Fringe width β is given by:

\[ \beta = \frac{\lambda D}{d} \]

\[ = \frac{5 \times 10^{-7} \times 2}{0.5 \times 10^{-3}} \]

\[ = \frac{10 \times 10^{-7}}{0.5 \times 10^{-3}} \]

\[ = 20 \times 10^{-4} \, \text{m} \]

\[ = 2 \, \text{mm} \]

Sample Problem 2: Position of Fringes

In Young's double slit experiment, the distance between the slits is 0.1 mm and the distance of the screen from the slits is 1 m. If the fringe width is 6 mm, find the wavelength of light used.

Given Data:

\[ d = 0.1 \, \text{mm} = 0.1 \times 10^{-3} \, \text{m} \]

\[ D = 1 \, \text{m} \]

\[ \beta = 6 \, \text{mm} = 6 \times 10^{-3} \, \text{m} \]

Fringe width formula:

\[ \beta = \frac{\lambda D}{d} \]

\[ \lambda = \frac{\beta d}{D} \]

\[ = \frac{6 \times 10^{-3} \times 0.1 \times 10^{-3}}{1} \]

\[ = 6 \times 10^{-7} \, \text{m} \]

\[ = 6000 \, \text{Å} \]

Intensity in Young's Double Slit Experiment

💡 Intensity Distribution

The intensity of light at any point on the screen in Young's double slit experiment depends on the phase difference between the two interfering waves.
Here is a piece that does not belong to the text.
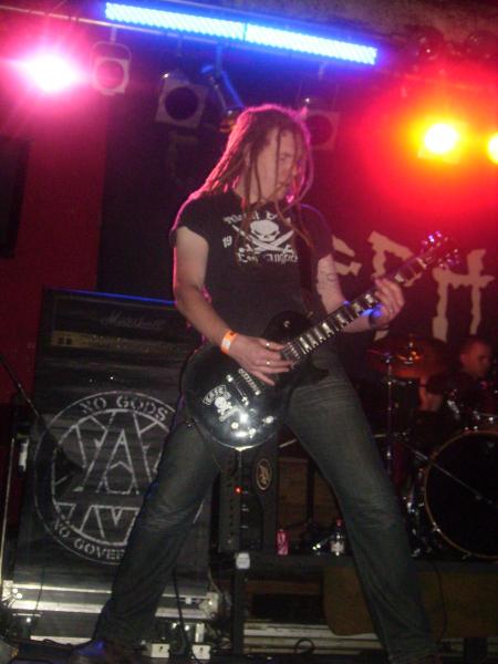 subieron al escenario la sala estaba prácticamente vacía, además de los trabajadores, equipo de las bandas, algún músico de los otros grupos del cartel y unas pocas personas más. Lo cual demuestra que abrir un concierto a las 6 de la tarde en día laborable, no es sinónimo de gran audiencia. THE ROTTED descargaron, durante media hora, temas de su único disco hasta la fecha “Get Dead or Die Trying” y de su EP “Anarchogram”.Con un frontman hiperactivo y enérgico, estos británicos dieron una clase magistral de cómo descargar la mayor brutalidad sin sonar en absoluto monótonos, con cantidad de detalles que saben trasladar perfectamente al directo y, sobretodo, con un buen sonido (a pesar de que la voz durante los primeros momentos fuera poco audible). Una lástima la poca gente que habitaba la sala Mephisto entonces y la poca entrega de los allí congregados para mostrar la respuesta que la banda merecía.

The intensity varies periodically between maximum and minimum values.

Mathematical Derivation

🧮 Intensity Derivation

Step 1: Wave Equations

Let the electric fields of the two waves at point P be:

\[ E_1 = E_0 \sin(\omega t) \]

\[ E_2 = E_0 \sin(\omega t + \phi) \]

where φ is the phase difference between the two waves.

Step 2: Resultant Electric Field

By the principle of superposition:

\[ E = E_1 + E_2 \]

\[ = E_0 \sin(\omega t) + E_0 \sin(\omega t + \phi) \]

\[ = 2E_0 \cos\left(\frac{\phi}{2}\right) \sin\left(\omega t + \frac{\phi}{2}\right) \]

Step 3: Resultant Amplitude

The amplitude of the resultant wave is:

\[ A = 2E_0 \cos\left(\frac{\phi}{2}\right) \]

Step 4: Intensity Calculation

Since intensity is proportional to the square of amplitude:

\[ I \propto A^2 \]

\[ I = 4I_0 \cos^2\left(\frac{\phi}{2}\right) \]

where I₀ is the intensity due to a single source.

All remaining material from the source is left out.